In case (b) your aim to estimate the population variance $\sigma^2$ using this sample. The sample variance is a biased estimator of the population variance (it does not converge to the population variance $\sigma^2$ as your sample size $n$ becomes large), but we can correct for this bias by using the estimate:

$$\hat\sigma^2 = \frac{1}{n-1} \sum_{i =1}^{n} (x_i - \bar x)^2.$$

0
On

Sample variance has $n-1$ in denominator, which makes it an unbiased estimator of the population variance.

Data:

smok = c(69.3, 56.0, 22.1, 47.6, 53.2, 48.1,
         52.7, 34.4, 60.2, 43.8, 23.2, 13.8)

Using sample variance function in R:

var(smok)
[1] 286.5491

Formula: $S^2 = \frac{1}{n-1}\sum_{i=1}^{12}(X_i-\bar X)^2,$ where $\bar X = \frac{1}{n}\sum_{i=1}^{12} X_i.$

Using R as a calculator:

a = mean(smok);  a        # sample mean
[1] 43.7
sum(smok)/length(smok)    # sample mean again
[1] 43.7
> n = length(smok);  n    # sample size
[1] 12
ss = sum((smok-a)^2);  ss # numerator of samp var
[1] 3152.04
ss/(n-1)                  # sample var again
[1] 286.5491

Now suppose I take a million samples of size $n=10$ from the a normal population with $\mu = 50, \sigma^2 = 9, \sigma = 3.$ Make a vector v of the million sample variances. Finally, take the mean of v, which should be very nearly $\sigma^2 = 9.$ This illustrates unbiasedness, sometimes written as $E(V) = E(S^2) = \sigma^2.$

set.seed(2021) # for reproducibility
v = replicate(10^6, var(rnorm(10, 50, 3)))
mean(v)
[1] 9.005739  # nearly 9 as predicted.

By contrast, let's look at a population variances. If the population consists of $N = 6$ objects $\{1,2,3,4,5,6\}.$ then the population mean is $$\mu = (1+2+3+4+5+6)/6 = 3.5.$$ And the population variance is $$\sigma^2=[(1-3.5)^2+(2-3.5)^2+\cdots+(6-3.5)^2]/6 =2.916667.$$

If the $N$ objects in a population are $X_1, X_2, \dots, X_N,$ then $\mu = \frac 1N\sum_{i=1}^N X_i$ and $\sigma^2 = \frac 1N \sum_{i=1}^N (X_i - \mu)^2.$

Finally, you are interested in comparing variances of smokers and nonsmokers. I already have data for smok in R from the discussion above.

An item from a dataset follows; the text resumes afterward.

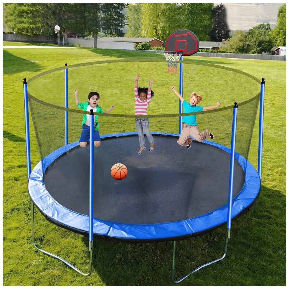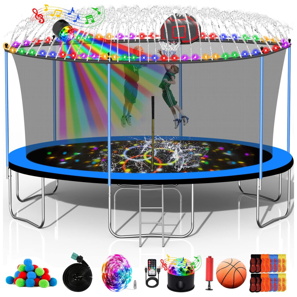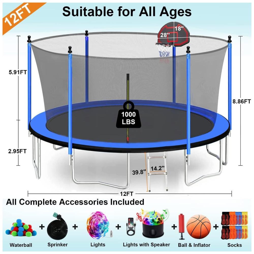 Goujxcy 12FT 14FT 15FT 16FT Trampolim para crianças e adultos 1500 LBS trampolins ao ar livre com cesta de basquete luzes sprinkler gabinete escada salto recreativo no quintal para crianças adolescentes 12 pés azul com luzes alto falante sprinkler

nons = c(28.6, 25.1, 26.4, 34.9, 28.8, 
         28.4, 38.5, 30.2, 30.6, 31.8, 
         41.6, 21.1, 36.0, 37.9, 13.9)

The sample variances from R, are as below. Also, one popular test of $H_0: \sigma_s^2/\sigma_n^2 = 1$ against $H_a: \sigma_s^2/\sigma_n^2 \ne 1$ uses the ratio of the variances as a test statistic.

var(smok);  var(nons)
[1] 286.5491
[1] 50.94695
var(smok)/var(nons)
[1] 5.62446

In R this test of equal variances is done as follows:

var.test(smok, nons)

        F test to compare two variances

data:  smok and nons
F = 5.6245, num df = 11, denom df = 14, p-value = 0.003438
alternative hypothesis: 
  true ratio of variances is not equal to 1
95 percent confidence interval:
  1.817514 18.891493
sample estimates:
ratio of variances 
           5.62446 

Because the variances are quite different, if you are testing whether the means of smokers and nonsmokers are significantly different, it is especially important to use the Welch 2-sample t test (instead of the pooled test).

t.test(smok, nons)

        Welch Two Sample t-test

data:  smok and nons
t = 2.5747, df = 14.127, p-value = 0.02191
alternative hypothesis: 
  true difference in means is not equal to 0
95 percent confidence interval:
   2.254755 24.638578
sample estimates:
mean of x mean of y 
 43.70000  30.25333 

This test uses sample variances, but does not display them.